The cartridge is composed of a divinylbenzene (DVB) adsorbing resine, expected to have high affinity to protein-bound uremic toxins pCS and IS, on the basis of its chemical structure.

This combined approach will be aimed at achieving two main objectives:

  1. reduction of blood levels of microbial-derived uremic toxins, involved in cardiovascular complications
  2. reduction of inflammation markers and oxidative stress and reduction of intestinal permeability

Study Overview

Status

Completed

Conditions

Intervention / Treatment

Study Type

Interventional

Enrollment (Actual)

16

Phase

  • Not Applicable

Contacts and Locations

This section provides the contact details for those conducting the study, and information on where this study is being conducted.

Study Locations

  • Italy
      • Bari, Italy, 70124
        • AOUConsorziale Policlinico Di Bari

Participation Criteria

Researchers look for people who fit a certain description, called eligibility criteria. Some examples of these criteria are a person's general health condition or prior treatments.

Eligibility Criteria

Ages Eligible for Study

30 years to 65 years (Adult, Older Adult)

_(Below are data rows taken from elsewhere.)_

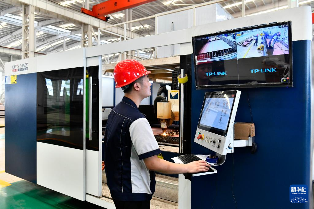8月5日,在德誉精工科技(日照)有限公司,工作人员操作激光设备按客户要求切割钢板。新华社记者 郭绪雷 摄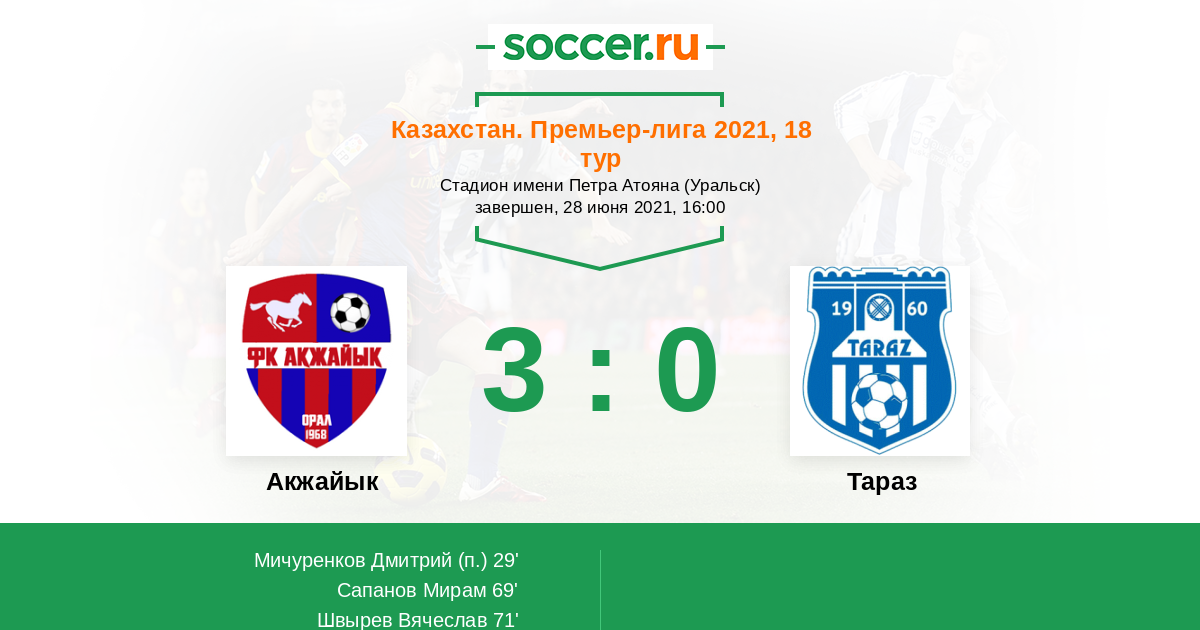 "Акжайык" худо-бедно продолжает держаться в топ-4, в прошлом туре наконец сыграв вничью впервые за весь сезон. В остальном все стабильно — "Акжайык" по-прежнему самая скучая команда сезона, забили они даже меньше, чем "Жетысу", который находится на последнем месте, и лишь топовая оборона и сушка матчей помогает им держаться на плаву. "Тараз" не из тех команд, что способны доставлять проблемы организованным командам, а хозяева именно таковой командой и являются. Поэтому здесь исход простой — "Тараз" продолжит падение, а "Акжайык" удержится в топ-4, победив, как водится, минимально. И скучно.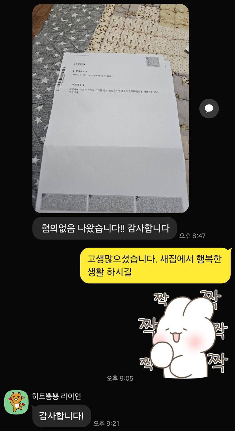피의자 신문 당일까지도 변호사가 사전에 의뢰인을 만나 소통하면서 경찰 조사를 준비하였습니다.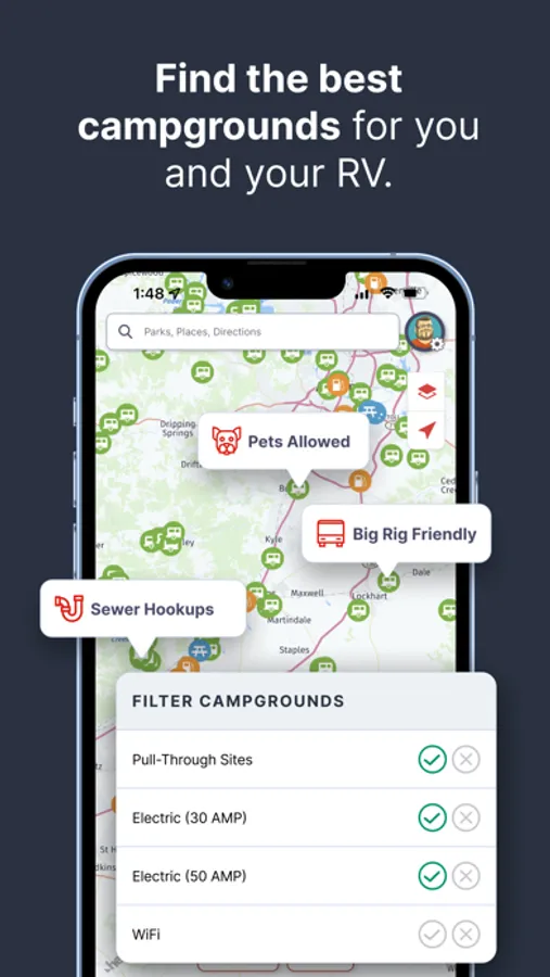 We know internet connections can be non-existent when you're camping. We built our app to work offline. You can download our entire campground knowledge base including maps so the RV GPS will work, no internet connection required.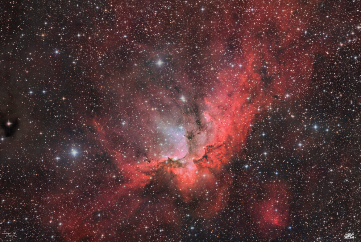 Scoperto nel 1787 da Caroline Herschel, sorella del celebre William, NGC 7380 – conosciuta anche come Wizard Nebula – è un ammasso aperto, ossia un denso gruppo di stelle giovani nate a partire dalla stessa nube di gas e polveri e ancora soggette alle reciproche interazioni gravitazionali. I gas residui di questa nube, che ancora oggi avvolgono in parte l’ammasso, vengono scaldati e ionizzati da alcune delle stelle ivi presenti come ad esempio la DH Cephei, una stella binaria di magnitudine 7,6 che costituisce una delle componenti più massicce dell’ammasso, e questo rende visibile la vera e propria Wizard Nebula in tutti i suoi sgargianti colori: soprattutto il rosso, segno di abbondante presenza di idrogeno, ingrediente fondamentale per la creazione di nuove stelle.

Accepts Healthy Volunteers

No

Genders Eligible for Study

All

Description

Inclusion Criteria:

  • CKD patients on bicarbonate hemodialysis
  • Aged between 30 to 65
  • BMI between 18.5 and 29.9
  • Omnivore diet
  • Informed consent signed

Exclusion Criteria:

  • Use of antibiotics or probiotics up to 30 days prior to recruitment
  • Chronic gastrointestinal disorders
  • Systemic inflammatory diseases
  • Suspicion or clinical diagnosis of malignancy
  • Chronic liver disease
  • Treatment with corticosteroids or immunosuppressive drugs
  • Psychiatric conditions reducing the compliance to treatment protocols

Study Plan

This section provides details of the study plan, including how the study is designed and what the study is measuring.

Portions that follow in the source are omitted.